* [Work request]:
In the listing below, the lines starting at the line with "7.2.10 Hartley Highback" and ending at the line with "问题:此图中,正方形一条对角线 AB 与⊙O" are to be output verbatim. Images stay out of the copy.

* [Records for the task]:
Content starts

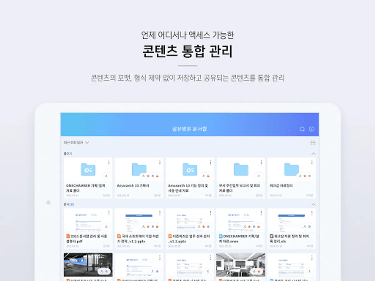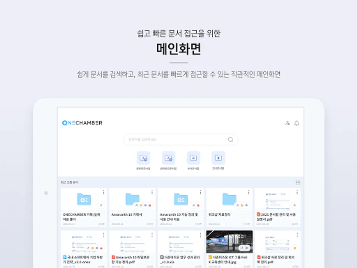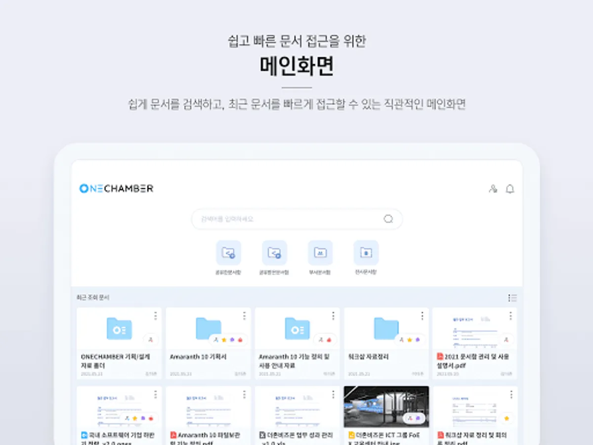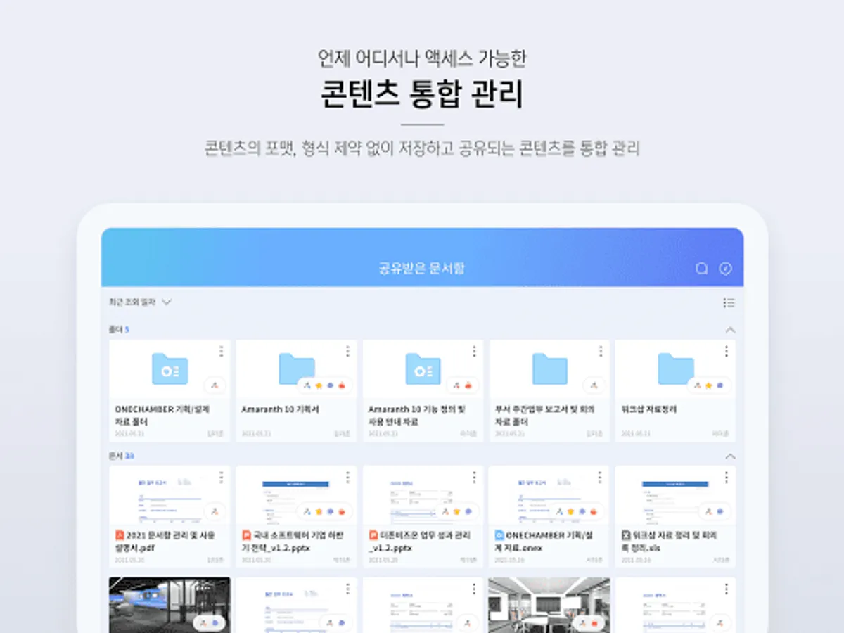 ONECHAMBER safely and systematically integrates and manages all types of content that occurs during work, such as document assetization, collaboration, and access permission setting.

Content ends
Content starts

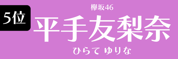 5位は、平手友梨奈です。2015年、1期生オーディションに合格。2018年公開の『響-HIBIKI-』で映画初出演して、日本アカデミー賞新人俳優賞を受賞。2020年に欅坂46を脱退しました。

Content ends
Content starts

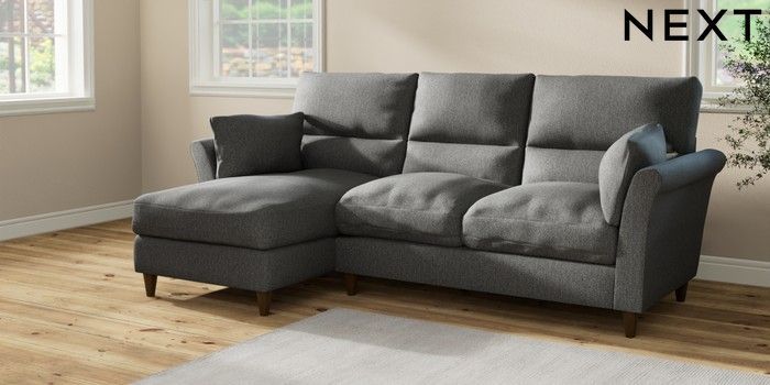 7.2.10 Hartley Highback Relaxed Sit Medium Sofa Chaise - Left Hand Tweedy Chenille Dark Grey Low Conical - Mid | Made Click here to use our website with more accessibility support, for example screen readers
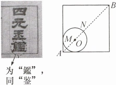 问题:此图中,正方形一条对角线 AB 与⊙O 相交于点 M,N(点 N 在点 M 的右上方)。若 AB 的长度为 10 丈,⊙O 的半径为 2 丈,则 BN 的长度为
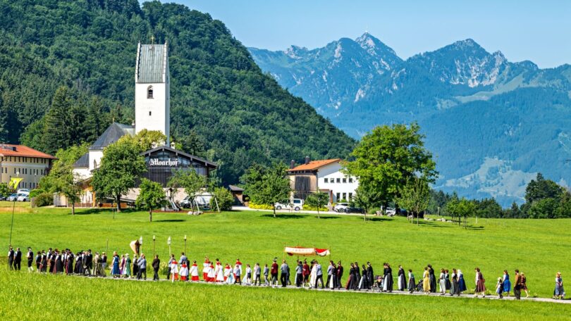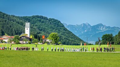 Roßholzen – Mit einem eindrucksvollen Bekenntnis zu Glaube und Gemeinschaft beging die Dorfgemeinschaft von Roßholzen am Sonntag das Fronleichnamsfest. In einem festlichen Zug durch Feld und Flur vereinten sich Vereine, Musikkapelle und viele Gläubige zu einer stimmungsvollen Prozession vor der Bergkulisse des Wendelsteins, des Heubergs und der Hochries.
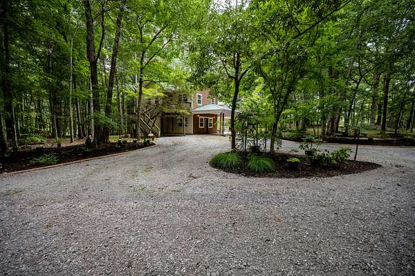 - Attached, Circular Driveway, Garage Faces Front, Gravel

Content ends

* [Task solution]:
 7.2.10 Hartley Highback Relaxed Sit Medium Sofa Chaise - Left Hand Tweedy Chenille Dark Grey Low Conical - Mid | Made Click here to use our website with more accessibility support, for example screen readers
 问题:此图中,正方形一条对角线 AB 与⊙O 相交于点 M,N(点 N 在点 M 的右上方)。若 AB 的长度为 10 丈,⊙O 的半径为 2 丈,则 BN 的长度为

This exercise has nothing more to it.